Just as the Academy term ends, Chancellor Lorak dies. Gorkon, at this time Lorak's Chief of Staff and the legitimate successor to the position of Chancellor, is blocked from ascension by Melkor, who gathers a large fleet and plunges the Empire into civil war. Gorkon's pacifist leanings towards the Federation are well-known, and General Chang, believing a war with the Federation to be inevitable, refuses to back him despite their past friendship. Chang recruits allies of his own to become a small but formidable third faction in the civil war, including Thok Mak (as his Theater Operations Controller). Torlek, in full agreement with Chang, is recruited to serve as one of his commanders.

====Klingon Civil War====
Torlek performs his duties in the field as exceptionally as he did in his training missions, becoming a vital part of Chang's war effort against Melkor. Melkor's treachery becomes explicit as his undercover agents sabotage a starbase just captured by Chang deep in his territory and kill thousands just to prevent a direct assault on the heart of the House of G'Iogh, as well as a traitorous offering of the Tal'Ihnor Gates to the Romulans in exchange for their military support in the war.

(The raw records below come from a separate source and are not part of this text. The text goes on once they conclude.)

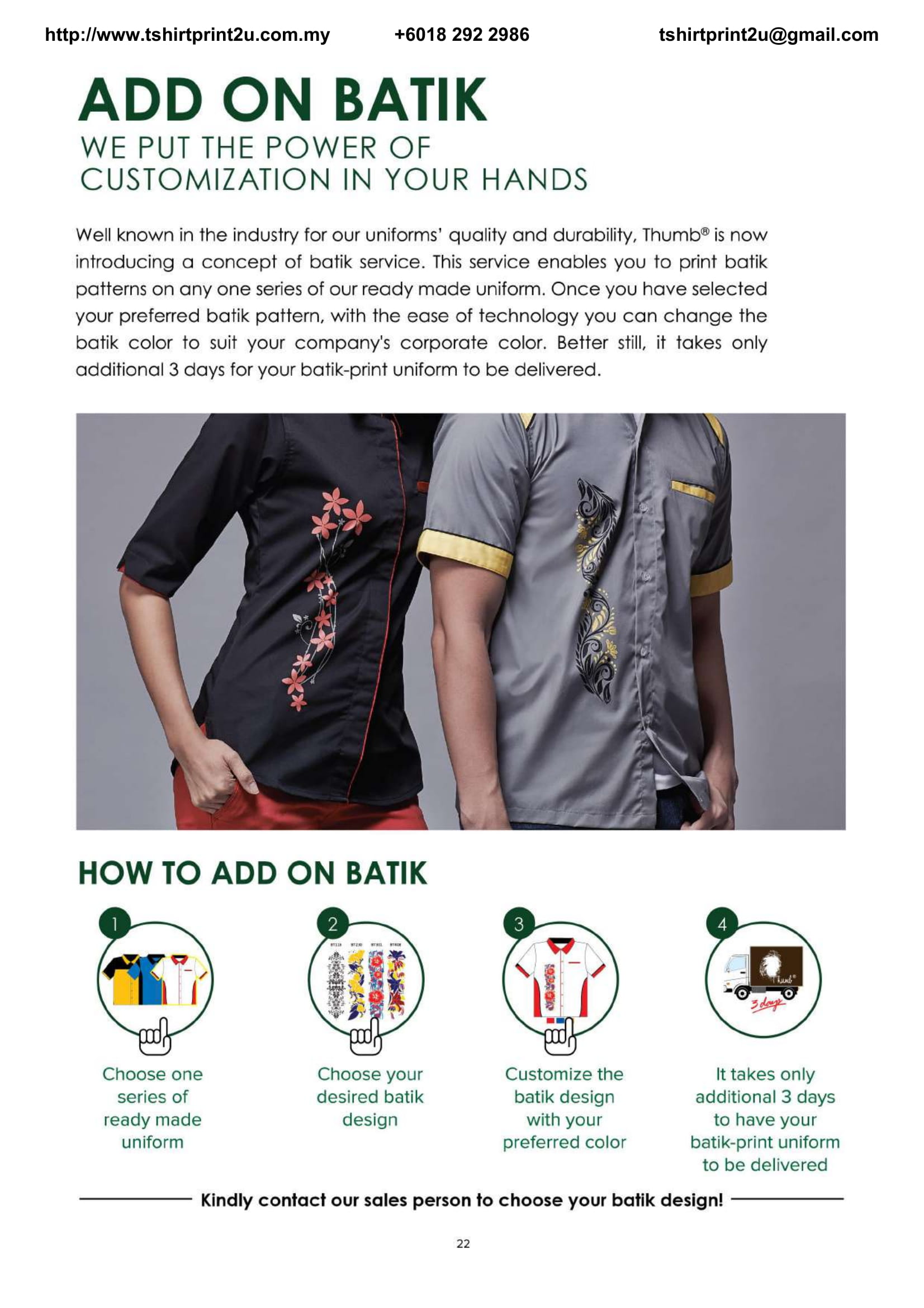 Tshirtprint2u specialized in custom t shirt printing, uniform, jacket, sweatshirt, hoodie and promotional merchandise solution company located in Kuala Lumpur and Ipoh, Malaysia.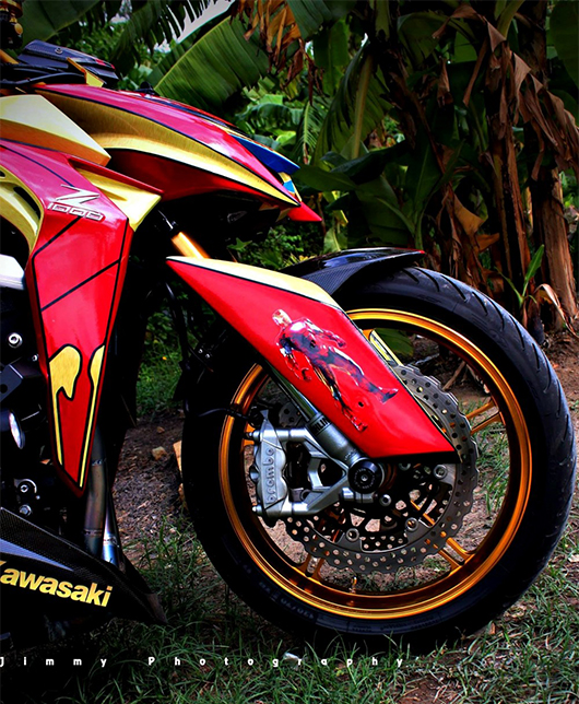 Chiếc Kawasaki Z1000 mang phong cách người sắt trong phim Iron Man với tem màu đỏ vàng là chủ đạo..jpg)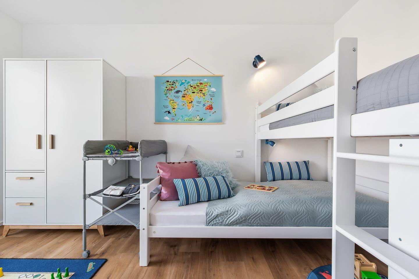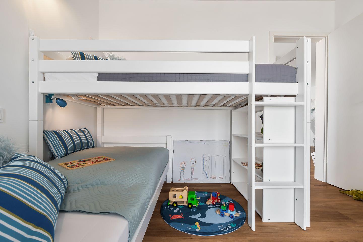 Das Doppelschlafzimmer ist mit einem bequemen Doppelbett (180x200 cm), einem großen Kleiderschrank und einem TV ausgestattet. Im Kinderzimmer stehen Dir ein Hochbett (90x190 cm) sowie ein Etagenbett (2 x 90x200 cm) zur Verfügung. Für die Kleinsten kann bei Bedarf ein Babybett bereitgestellt werden, das auch im Elternschlafzimmer aufgestellt werden kann. Ein mobiler Wickeltisch erleichtert Dir die Babypflege. Spielsachen wie Puzzle, Spiele, Lego Duplo und Bücher sorgen dafür, dass auch an Regentagen keine Langeweile aufkommt.

As Chang's forces intercept Melkor and the Romulans in the Tal'Ihnor system, Brigadier K'mak, one of Torlek's former instructors from the academy, reveals his unfortunate alignment with the Usurper - his brother, leader of his house, pledged support to Melkor, and K'mak was duty-bound to do the same. Having been tasked with destroying the entire system with a fabricated supernova rather than let it fall into Chang's hands, he still warns Torlek, allowing him to warn Chang and retreat the system on time. The Tal'Ihnor system and most of the enemy warships present are obliterated.

The destruction of the Tal'Ihnor Gates by Melkor makes his victory by conventional means all but impossible, making him turn himself completely to Romulan support, setting a trap for Chang in the newly formed Tal'Ihnor Nebula in the guise of a blood duel to avenge his brother's death. Although aware of the possible deception, Chang accepts the duel, reasoning that even if it is a trap he will still die an honorable death. However, as he falls to the trap, Chang finds Melkor's Romulan support larger than conceived, and thus implores Torlek to gather whatever forces he can, stop the Romulans and kill Melkor by any means necessary. Because Chang's fleet was spread thin trying to hunt Melkor down, Torlek turns to Gorkon for assistance, allowing them to stop the Romulans, but failing to track down and kill Melkor whom escapes again. Due to Gorkon's assistance, Chang is now indebted to him and cannot fight his peaceful policies, assuring Gorkon's ascension to the Chancellorship. Furious for this, Chang demotes Torlek and sends him on routine patrol duties along the Federation Neutral Zone.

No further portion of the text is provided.